IMG has expanded regularly its collection of genomes and aims at improving gradually the coverage and consistency of its functional annotations. IMG’s analytical tools have been continuously enhanced in terms of their usability, analysis flow and performance. Several companion IMG systems have been set up in order to serve domain specific needs, including expert review of genome annotations prior to their publication (IMG/ER: http://img.jgi.doe.gov/er), teaching courses and training in microbial genome analysis (IMG/EDU: http://img.jgi.doe.gov/edu), and analysis of genomes related to the Human Microbiome Project (IMG/HMP: http://www.hmpdacc-resources.org/img_hmp) (The Human Microbiome Project is part of NIH’s Roadmap for Medical Research: http://nihroadmap.nih.gov/hmp/).

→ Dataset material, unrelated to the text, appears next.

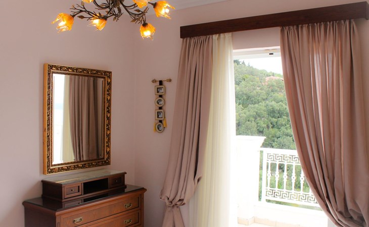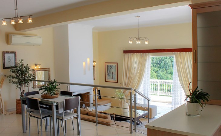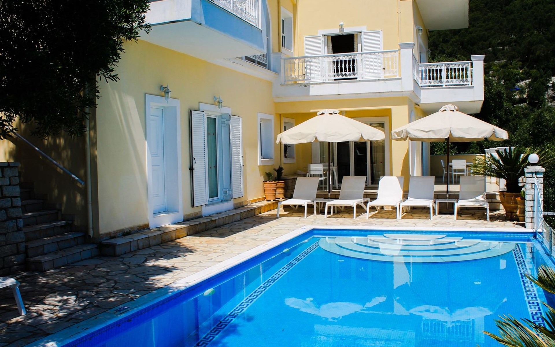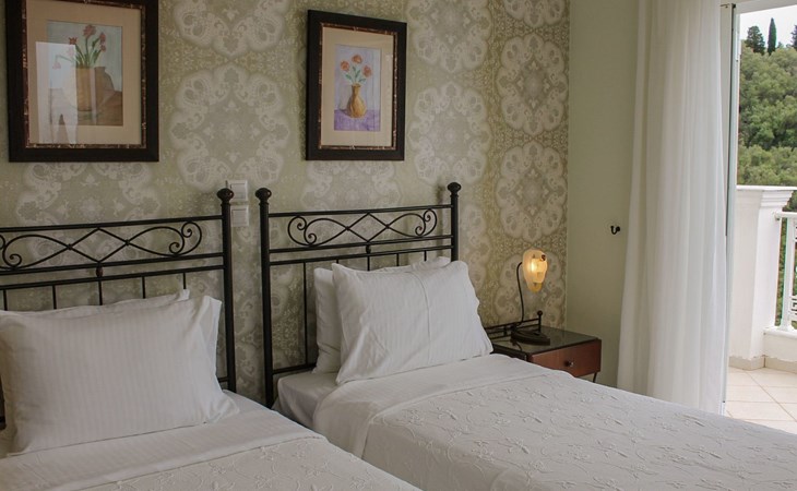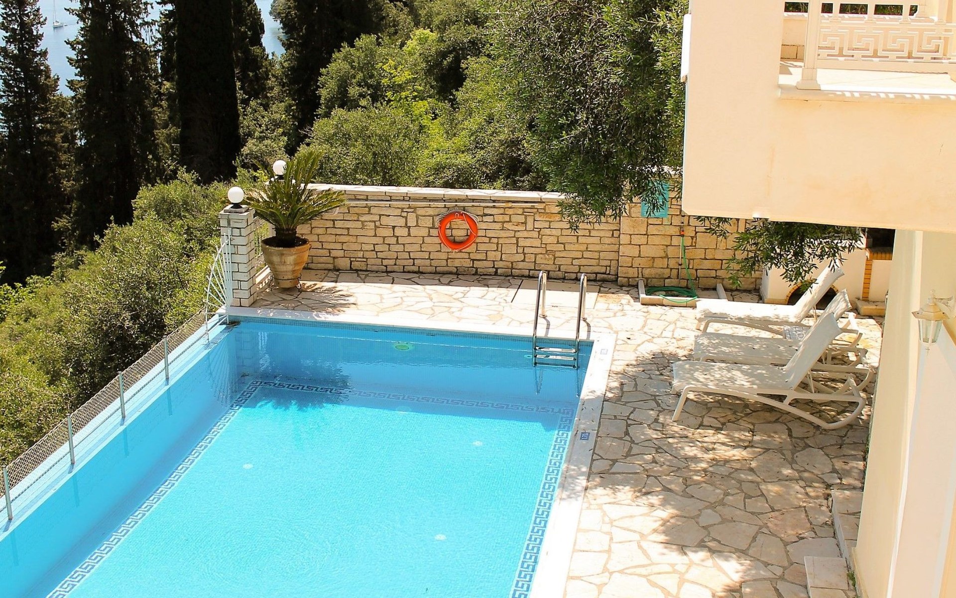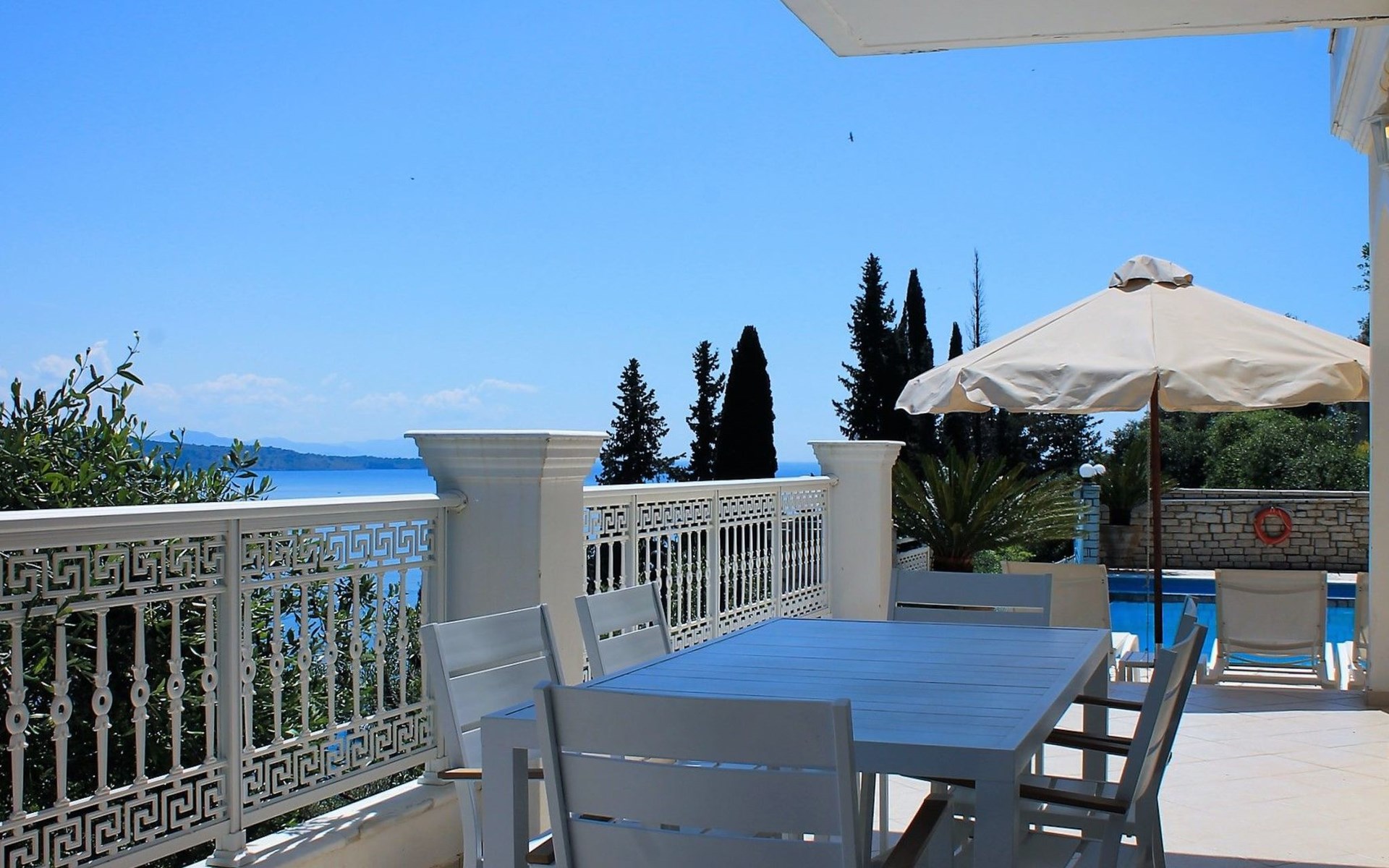 Vlachatika is a village located above the green bay of Kalami with a beautiful view of the coast of Albania. The village is situated along the main road that connects Corfu town to Kassiopi. Luxury villas and apartments have been built on its slopes that reach the sea and are rented to visitors looking for a peaceful vacation in an exquisite natural scenery. There is one tavern in Vlachatika, but Kalami, with its beautiful pebble beach and blue waters, has more to offer.Kalami is located about 30km away from the capital of Corfu, to the northeast of the island. Offering various accommodation options, Kalami is an amazing place to stay at on holidays, while the quiet natural environment of the area will provide you with relaxation and peaceful moments.Near the beach of Kalami you can also enjoy some excellent, traditional taverns, bars and shops, while there are much more amenities and shop opportunities in the main part of the village of Kalami. Finally, you should not miss the chance to visit the White House of the Durrells, located in Kalami, which inspired Gerald Durrell to write remarkable stories about his life and family.Villa Kyriaki is only a few meters above the well-known village of Kalami, where the English author Lauren Darrell penned his renowned novel, My Family and the Other Animals. The property is situated on the crest of a small hill, providing its visitors with beautiful and unimpeded views of the Albanian coast as well as an unrivalled sunrise view. The villa, which includes 4 bedrooms and 5 bathrooms, is suitable for large parties or anyone who wants to spend their vacation in a stylish setting.As you walk into the villa, you come across one of the two large living rooms, which has a terrace and a beautiful view of the Ionian sea. A small kitchenette and a w/c are also located on the same floor. The internal staircase leads to the first floor where the bedrooms are. The first bedroom has a double bed and a private bathroom. The other two bedrooms, both with twin beds, are on the same floor and have en-suite bathrooms. Each one of the top floor bedrooms has a private balcony with views of the pool and the sea.On the ground floor of the building you find the main living room, the spacious and fully-equipped kitchen, and the dining area. The large balcony door of the living room leads you to the pool, which has a beautiful view of the sea in Kalami. Guests can spend their time relaxing and having fun while absorbing all that nature and this unique house offer lavishly. On the same level, you'll find the master bedroom and the family bathroom.Experience luxury in our villa's fifth bedroom, available only for groups of nine or ten. Conveniently located opposite the main entrance, it offers privacy and comfort. This special bedroom features a spacious double bed, a private bathroom with a bathtub, and stunning sea views.Villa Kyriaki is ideal for those who want to spend their vacation relaxed by the pool while also being close to bars, that respect the tranquility of the area, and organized beaches.BedroomsΒedroom 1: Queen size double bed en-suite bathroom, private balconyΒedroom 2: Twin beds, en-suite bathroom, private balconyΒedroom 3: Twin beds, en-suite bathroom, private balconyΒedroom 4: Queen size double bedΒedroom 5: Queen size double bed en-suite bathroom, private balconyVilla Kyriaki is ideal for those who want to spend their vacation relaxed by the pool while also being close to bars, that respect the tranquility of the area, and organized beaches. 0829K91000409300

We review below IMG’s data content and analysis tool extensions since the last published report on IMG (14).
IMG’s initial collection of 296 bacterial, archaeal and eukaryotic genomes in its first version (March 2005) grew to 825 genomes in IMG 2.3 (September 2007) and then more than doubled to 1655 genomes in IMG 2.9 (August 2009). In addition, IMG 2.9 includes 2490 virus genomes and 970 plasmids that did not come from a specific microbial genome sequencing project, bringing its total genome content to 5115 genomes with over 6.5 million genes (a Content History link on IMG’s home page provides an overview of its content growth).
Prior to their inclusion into IMG, RefSeq genomes undergo a review process. First, the taxonomic classification for genomes and the names and host information for plasmids are reviewed. In particular, plasmid names are curated by adding strain names to organism name when available from publications or other sources, and plasmid sequences are added to host genome sequences when appropriate. Next, missing RNAs are identified using tRNAS-can-SE-1.23 (15) for tRNAs, RNAmmer (16) for rRNAs and Rfam (17) and INFERNAL (18) for small RNAs. Finally, for genomes without any functional annotation in RefSeq, protein product names are assigned to genes using the procedure described in ref. (13): such annotations are performed only by request, for example from a centre such as HMP-DACC (http://www.hmpdacc.org/).
The functional annotations generated by IMG’s data integration pipeline are regularly reviewed by scientists in JGI’s Genome Biology Program with the goal of improving their coverage. Following such a review, the KEGG collection of pathways in IMG has been reorganized and updated using the enhanced collection of KEGG resources, including KO terms and KEGG pathway modules (9). The association of KEGG pathways with IMG genomes is based on the assignment of KO terms to IMG genes via a mapping of IMG genes to KEGG genes. The MetaCyc collection of pathways (19) has been also included into IMG, whereby the association of MetaCyc pathways with IMG genomes is based on correlating enzyme EC numbers in MetaCyc reactions with EC numbers associated with IMG genes via KO terms.
Two interactive reports regarding the KO term distribution in IMG across protein families, genomes and paralog clusters, are provided for assessing the consistency of protein family annotations in IMG. For a specific (query) KO term, the first report lists: (i) the number of genes associated with the query KO term and the number of genomes that have genes associated with this KO term; (ii) the ‘average number of genes’ associated with the query KO term per genome, whereby this metric helps identify KO terms that were assigned to multiple genes in the same genome either by mistake or because these terms correspond to sequence similarity-based families rather than function-based groups; (iii) the number of genes associated with the query KO term that belong to paralog clusters, whereby this metric indicates the likelihood of incorrect annotations due to the presence of paralogs; and (iv) the number of genes associated with the query KO term and that have a paralog annotated with the same KO term, whereby this number helps identifying incorrectly annotated paralogous genes.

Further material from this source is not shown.